If humans are lucky in all that, we’ll be living in tightly controlled environments with smaller populations.  Maybe underground.  We’ll be living off of vat-farmed algae and recycled garbage.  But what I’m most curious about in this moment of detachment is this – what animals will be the best survivors?  Who will be the lizards and bugs and weirdos that scrap back, diversify and repopulate the Earth?  If we’re lucky enough to still have dinosaurs, who will they be?  Ducks and chickens pulled off this feat once before, I bet they could do it again.

For the comments, I’d like to see people placing their bets on what animals survive this mess.  I, for one, believe that humans will be one of those animals – for good or ill.  But aside from eyebrow lice and gut flora, who will we be sharing the world with?

Comments

  1. lochaber says

    I’m going to suggest maybe critters that do okay in deserts, but are widespread into other areas, like coyotes and crows/ravens.

    But they also do really well because they are good at existing in/around human settlements, so I don’t know how that will change things…

  2. says

    Crows in the pacific northwest are remarkably good at operating in rain and snow. Lots of other birds flake out, and they’ll be turning over the moss in sidewalk cracks to get at worms and such. Respect. The problem coyotes have is the same problem humans will have – we are shit for diffusing heat. They’re not as bad off as two hundred pound monkeys, but they will have to change their range. They’ve done it before and probably they’ll work it out when time comes. As long as rodents live, I think coyotes will find a way to get by. Might have to do so entirely within the arctic circle.

  3. says

    Birds can do well by traveling efficiently to far-flung food sources. Reptiles and amphibians get by without much food by going lazy. Cave-dwelling olms have to be breaking records on that. I read one managed to not move and inch and not eat a bite for fifteen years.

  4. lochaber says

    and after a bit of thought, and a re-reading…
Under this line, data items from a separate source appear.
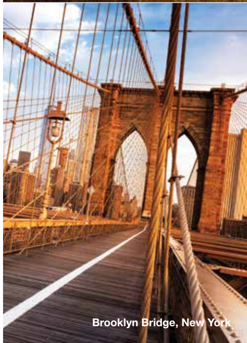
Brooklyn Bridge, New York
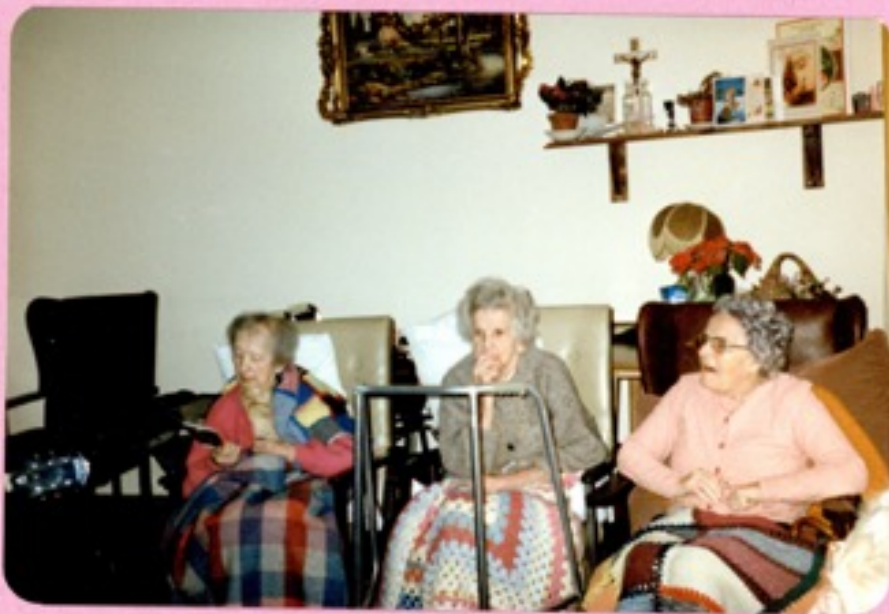
St. Anthony's Home for the elderly
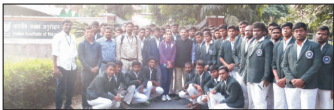
Students of RVMU Coimbatore visited ICAR-IIMR Delhi Unit

Also, a batch of 60 B.Sc. (Ag.) final year students from Ramakrishna Mission Vivekananda University (RMVU, Coimbatore, accompanied by 4 faculty members, visited ICAR-IIMR New Delhi Centre in the afternoon of November 30, 2017 as part of their All-India study tour.
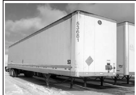
(2) '09 G/Dane, 53'x102" vans, air ride, alum. roof, CLEAN.
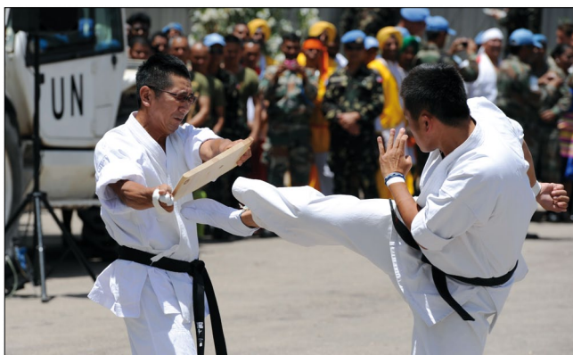
J-CON Karate demonstration
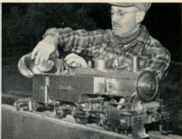
Most models are reproductions, but this dockside switcher is an original design. It weighs 100 pounds, burns wood alcohol instead of coal.

boasts 49 members and 1,331 feet of continuous track. The trestle's 30-inch height permits engineers and passengers to ride side-saddle behind their chugging engines on cushion-padded flatcars. Four rails laid side by side take locomotives of three gauges—2½ inches, 3½ inches and 4½ inches.
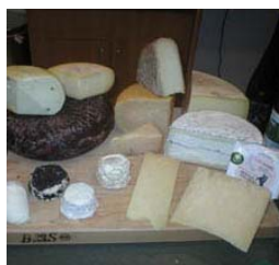
An "All California Selection"

Our July issue will feature the Pacific White Sturgeon and California Sturgeon Caviar.
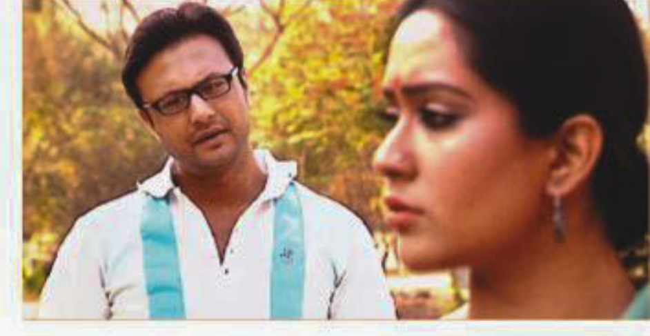
situations in her married life and decides to divorce her husband Rana.

The serial encircles protagonist Kamini who gets in trouble after marrying a psychopath. Kamini goes through terrible

    I don’t know about that “160F temps” bit…

    Isn’t that about the temp that people test their cooking to make sure it’s safe to eat? as in, it kills pretty much all parasites and pathogens? (and those are things that tend to be more likely to survive extreme events/scenarios)
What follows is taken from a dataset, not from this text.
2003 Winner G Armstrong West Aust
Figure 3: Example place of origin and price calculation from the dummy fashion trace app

    I guess critters can maybe learn to seek cooler areas to shelter in during the day and forage at night, or maybe migrate or something, but plants don’t really have that option, and without plants, we won’t have anything resembling an ecosystem we recognize.

    Part of me wants to try and imagine how this will be self-correcting once human society collapses, and all of our carbon streams are abruptly cut off, but that doesn’t take into account the various feedback cycles and such that will continue regardless of humans efforts, so long as a temperature threshold is crossed.

    well, fuck…

  5. says

    Here’s the thing about my level of expertise – it’s quite pitiful. Is 165 possible? IDK. But let’s say the hottest spots around the equator could literally boil. If the north and south pole max out at 125? Life can find a way. I’m trying to guess what that would look like. This is also what I was alluding to in the first paragraph re: the Hadean. Yes, there are runaway warming effects going on, maxing out all the worst predictions right now. But this process surely has a maximum somewhere. Where is that? Maybe Abe Oceanoxia could hazard a guess.
    And unless we do autoclave the planet, the climate of the planet has reversed many times and will do so again. If anything survives that, the planet can have a flourishing biosphere again – with or without our descendants.